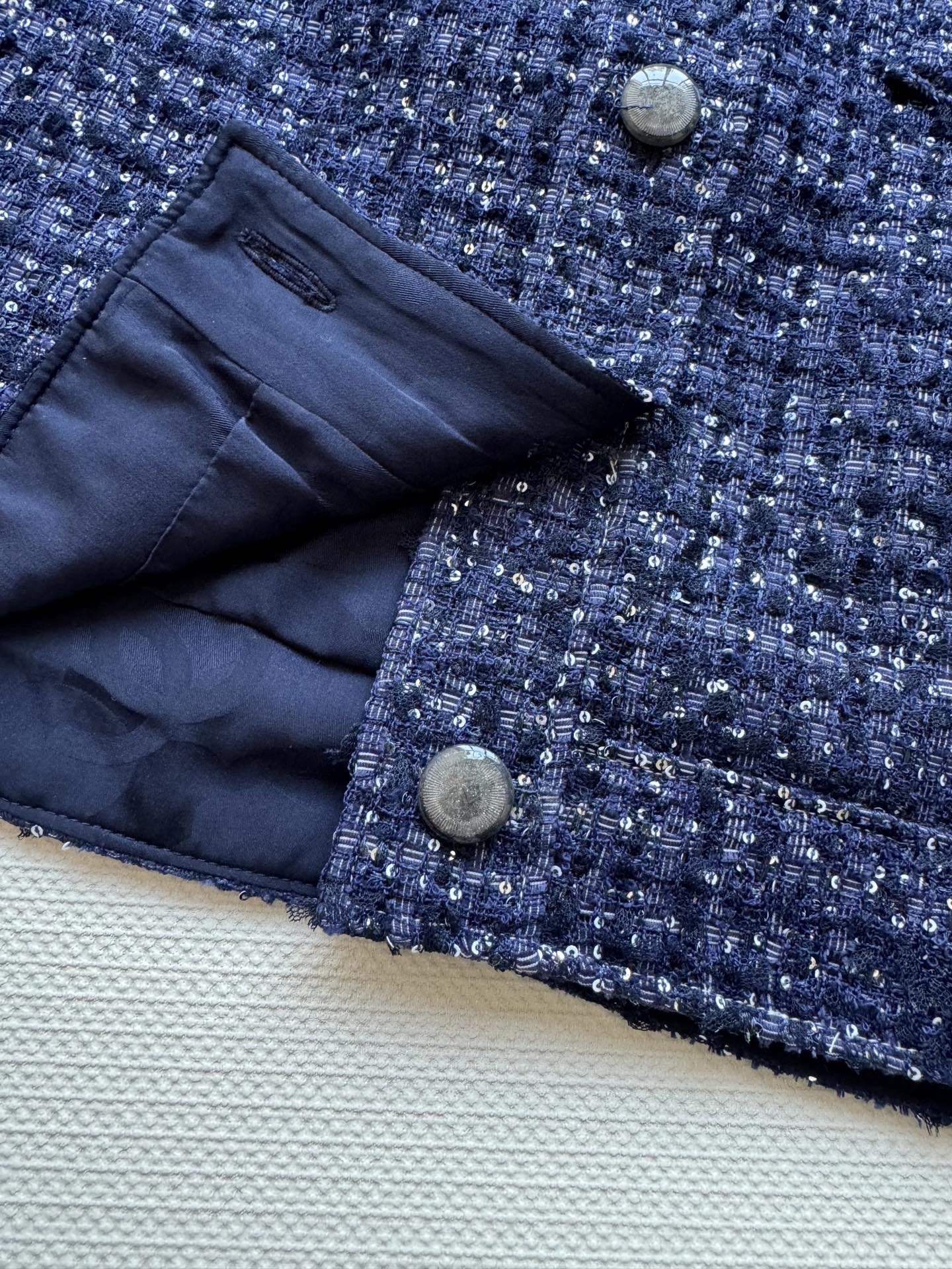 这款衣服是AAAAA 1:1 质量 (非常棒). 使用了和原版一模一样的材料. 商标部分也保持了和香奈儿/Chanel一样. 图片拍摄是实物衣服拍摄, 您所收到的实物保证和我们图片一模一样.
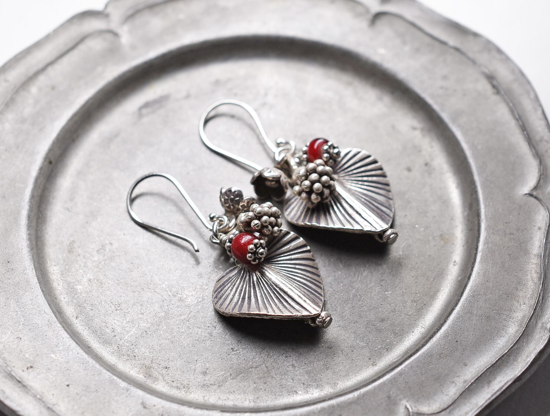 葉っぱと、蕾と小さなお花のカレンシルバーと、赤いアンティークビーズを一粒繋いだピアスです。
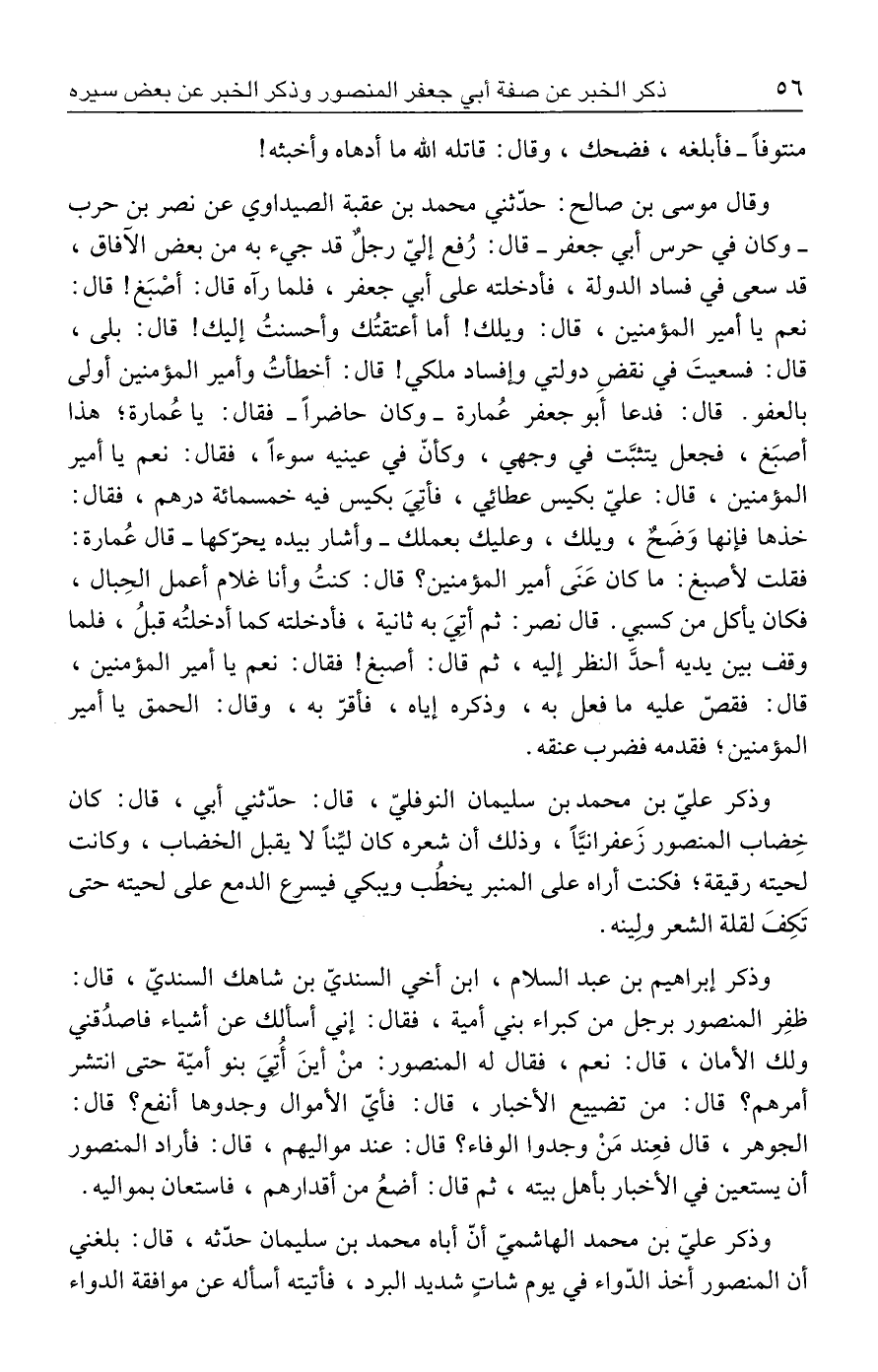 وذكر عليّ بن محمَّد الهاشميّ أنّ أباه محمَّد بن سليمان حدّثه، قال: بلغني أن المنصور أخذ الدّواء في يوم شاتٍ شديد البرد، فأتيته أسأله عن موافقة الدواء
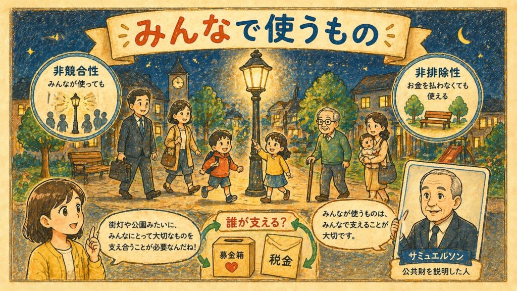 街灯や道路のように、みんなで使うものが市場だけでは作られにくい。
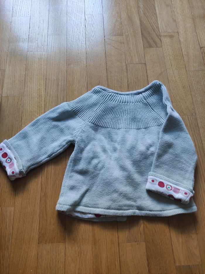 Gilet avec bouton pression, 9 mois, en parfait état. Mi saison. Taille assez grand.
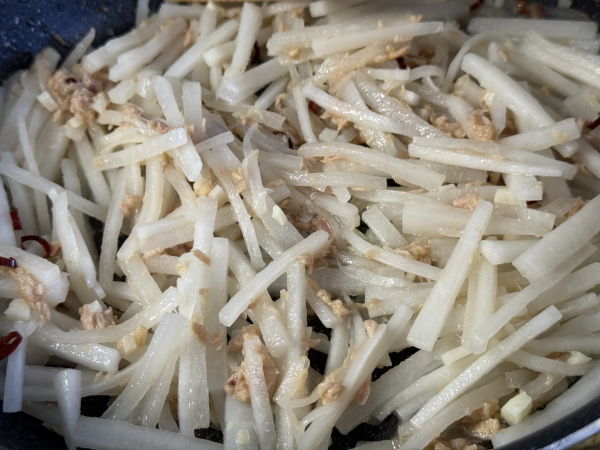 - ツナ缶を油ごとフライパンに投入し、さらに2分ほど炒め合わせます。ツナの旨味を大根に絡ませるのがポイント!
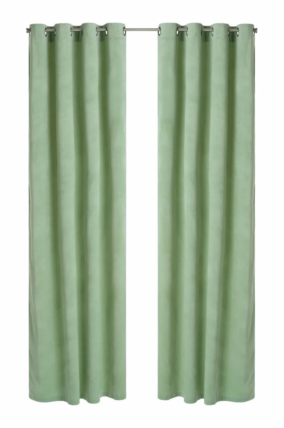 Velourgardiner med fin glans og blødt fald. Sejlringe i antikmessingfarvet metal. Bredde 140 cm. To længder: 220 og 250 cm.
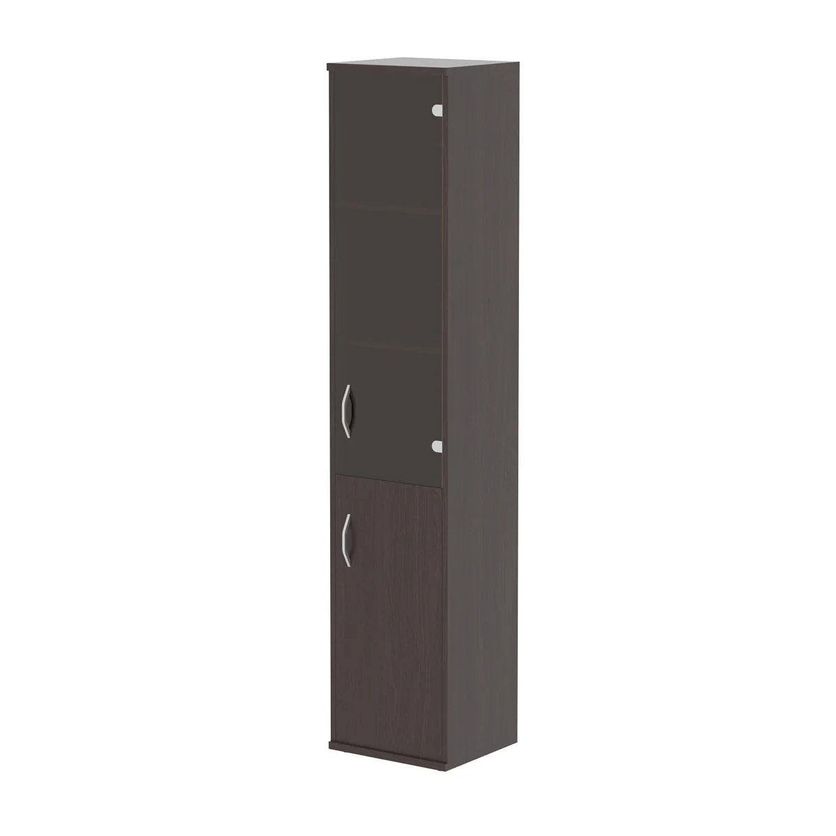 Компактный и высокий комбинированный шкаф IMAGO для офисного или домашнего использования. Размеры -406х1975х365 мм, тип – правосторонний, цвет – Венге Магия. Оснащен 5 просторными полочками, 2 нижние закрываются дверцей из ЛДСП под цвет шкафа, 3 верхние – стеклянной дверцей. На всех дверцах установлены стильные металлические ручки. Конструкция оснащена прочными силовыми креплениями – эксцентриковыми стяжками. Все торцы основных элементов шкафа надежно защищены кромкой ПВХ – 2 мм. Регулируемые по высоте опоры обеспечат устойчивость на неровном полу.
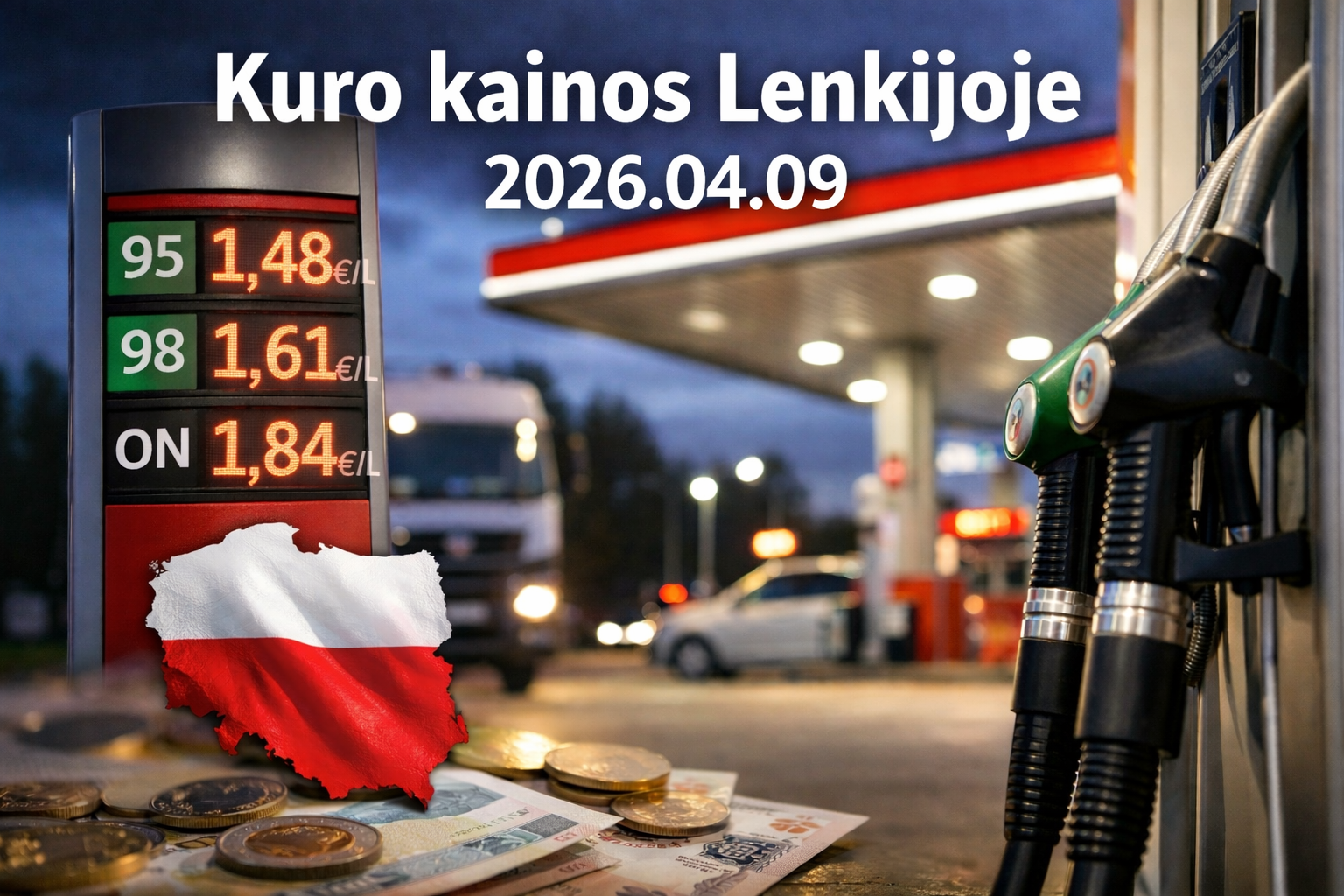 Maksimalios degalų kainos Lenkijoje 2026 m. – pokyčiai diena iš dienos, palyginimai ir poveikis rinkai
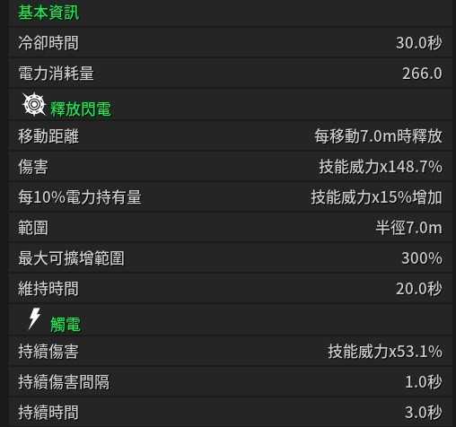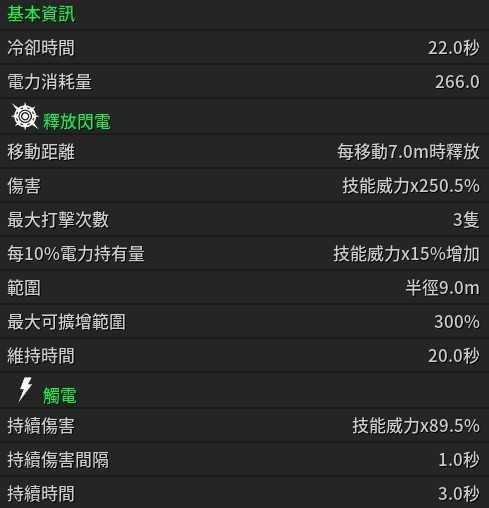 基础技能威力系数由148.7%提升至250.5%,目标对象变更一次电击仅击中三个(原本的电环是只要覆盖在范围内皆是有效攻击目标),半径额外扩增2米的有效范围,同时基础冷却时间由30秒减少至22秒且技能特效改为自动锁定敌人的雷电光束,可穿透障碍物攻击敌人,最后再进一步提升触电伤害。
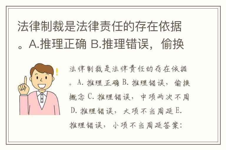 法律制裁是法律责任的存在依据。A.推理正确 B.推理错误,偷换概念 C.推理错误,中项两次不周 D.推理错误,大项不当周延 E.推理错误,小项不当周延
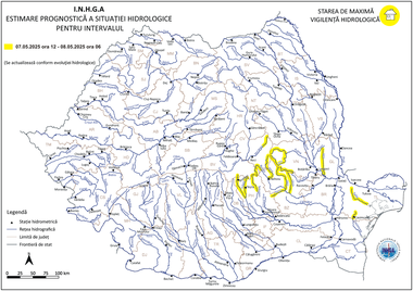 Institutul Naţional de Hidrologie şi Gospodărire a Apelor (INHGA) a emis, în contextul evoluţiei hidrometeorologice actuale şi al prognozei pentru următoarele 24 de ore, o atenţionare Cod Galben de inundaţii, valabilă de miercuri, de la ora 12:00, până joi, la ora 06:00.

=====

What you have to do: Output, line for line and exactly, the records above from their first line through the one with "法律制裁是法律责任的存在依据。A.推理正确 B.推理错误,偷换概念 C.推理错误,中项两次不周", both ends included, but no pictures.

Response area:
 这款衣服是AAAAA 1:1 质量 (非常棒). 使用了和原版一模一样的材料. 商标部分也保持了和香奈儿/Chanel一样. 图片拍摄是实物衣服拍摄, 您所收到的实物保证和我们图片一模一样.
 葉っぱと、蕾と小さなお花のカレンシルバーと、赤いアンティークビーズを一粒繋いだピアスです。
 وذكر عليّ بن محمَّد الهاشميّ أنّ أباه محمَّد بن سليمان حدّثه، قال: بلغني أن المنصور أخذ الدّواء في يوم شاتٍ شديد البرد، فأتيته أسأله عن موافقة الدواء
 街灯や道路のように、みんなで使うものが市場だけでは作られにくい。
 Gilet avec bouton pression, 9 mois, en parfait état. Mi saison. Taille assez grand.
 - ツナ缶を油ごとフライパンに投入し、さらに2分ほど炒め合わせます。ツナの旨味を大根に絡ませるのがポイント!
 Velourgardiner med fin glans og blødt fald. Sejlringe i antikmessingfarvet metal. Bredde 140 cm. To længder: 220 og 250 cm.
 Компактный и высокий комбинированный шкаф IMAGO для офисного или домашнего использования. Размеры -406х1975х365 мм, тип – правосторонний, цвет – Венге Магия. Оснащен 5 просторными полочками, 2 нижние закрываются дверцей из ЛДСП под цвет шкафа, 3 верхние – стеклянной дверцей. На всех дверцах установлены стильные металлические ручки. Конструкция оснащена прочными силовыми креплениями – эксцентриковыми стяжками. Все торцы основных элементов шкафа надежно защищены кромкой ПВХ – 2 мм. Регулируемые по высоте опоры обеспечат устойчивость на неровном полу.
 Maksimalios degalų kainos Lenkijoje 2026 m. – pokyčiai diena iš dienos, palyginimai ir poveikis rinkai
 基础技能威力系数由148.7%提升至250.5%,目标对象变更一次电击仅击中三个(原本的电环是只要覆盖在范围内皆是有效攻击目标),半径额外扩增2米的有效范围,同时基础冷却时间由30秒减少至22秒且技能特效改为自动锁定敌人的雷电光束,可穿透障碍物攻击敌人,最后再进一步提升触电伤害。
 法律制裁是法律责任的存在依据。A.推理正确 B.推理错误,偷换概念 C.推理错误,中项两次不周 D.推理错误,大项不当周延 E.推理错误,小项不当周延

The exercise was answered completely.